While there was a "clear and present danger" from terrorists across the globe and a need to confront them, the Bush Administration's obsession with Saddam Hussein took us into the wrong war at the wrong time.
As a result, terrorists are free to act at will on a worldwide basis while the U.S. searches for a way out of the Iraqi morass and while most of the rest of the world watches from the sidelines.
If we haven't learned already, hopefully we will by the time we extract from Iraq, that military power does not automatically translate into political and economic stability. We need urgently to find new approaches which, if they cannot solve a crisis, at least will allow us to manage—with the help of others—the problems that are surfacing as part of an entirely new set of circumstances.

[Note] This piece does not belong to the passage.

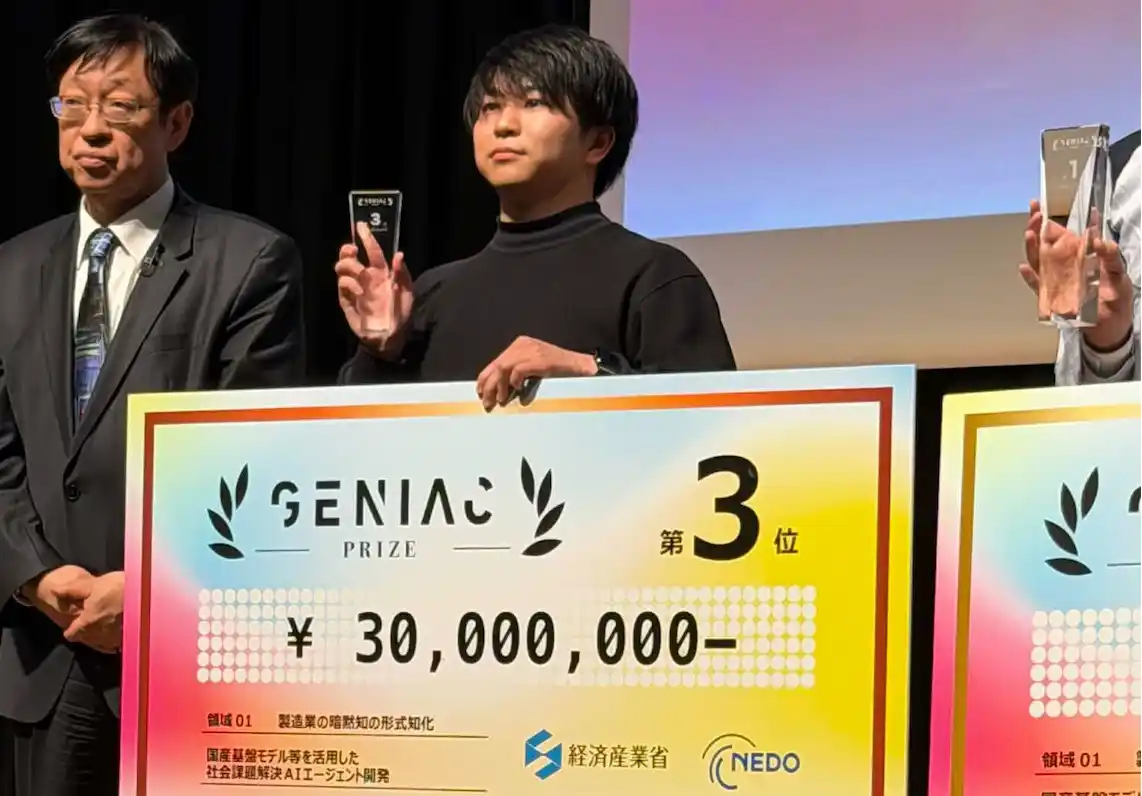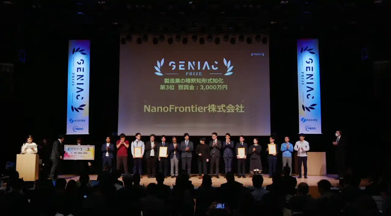NanoFrontier株式会社(本社:宮城県仙台市、代表取締役:井上 誠也、以下「NanoFrontier」)は、2026年3月24日に開催されたNEDO懸賞金活用型プログラム「GENIAC-PRIZE」最終審査・表彰式において、領域01「国産基盤モデル等を活用した社会課題解決AIエージェント開発」テーマI「製造業の暗黙知の形式知化」にて第3位(懸賞金3,000万円)・地域賞(懸賞金250万円)を受賞しました。 |

The U.S. is today the world's sole superpower. If it is our goal to maintain this status quo, like it or not, the U.S. needs to use our considerable political, economic, moral, and military influence to develop and shape a permanent "stand alone" peacekeeping mechanism within the United Nations.
The United Nations has indicated that it is willing to take a more active role in the fight on terrorism, on conflict resolution and to carry out more peace operations. The outbreak of ethnic fighting in the former Yugoslavia brought extensive if not always successful U.N. involvement and mediation. Elsewhere, in the Far East, in Africa, and in Central America, U.N. supervised peace agreements have contributed to the return of stability and encouraged regional participation in finding solutions to regional problems.

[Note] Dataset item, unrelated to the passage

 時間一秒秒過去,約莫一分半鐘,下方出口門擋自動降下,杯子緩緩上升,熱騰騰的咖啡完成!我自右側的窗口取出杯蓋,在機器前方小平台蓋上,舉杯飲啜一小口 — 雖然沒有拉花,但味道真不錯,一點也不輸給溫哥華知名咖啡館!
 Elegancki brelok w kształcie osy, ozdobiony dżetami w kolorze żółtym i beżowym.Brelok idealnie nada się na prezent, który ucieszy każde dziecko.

While we and the UN should study past operations for "lessons learned", we must carefully avoid becoming mired by the past. The Cold War with its deep east-west antagonisms is history. The future promises closer cooperation among the five permanent members of the Security Council, a promise already realized for many UN operations. Terrorism threatens all five permanent members and so provides a pragmatic basis for cooperation. This cooperative spirit suggests that the Security Council, if provided adequate and experienced staff support, can increasingly assume responsibility for peace operations as alternatives to unilateral military action.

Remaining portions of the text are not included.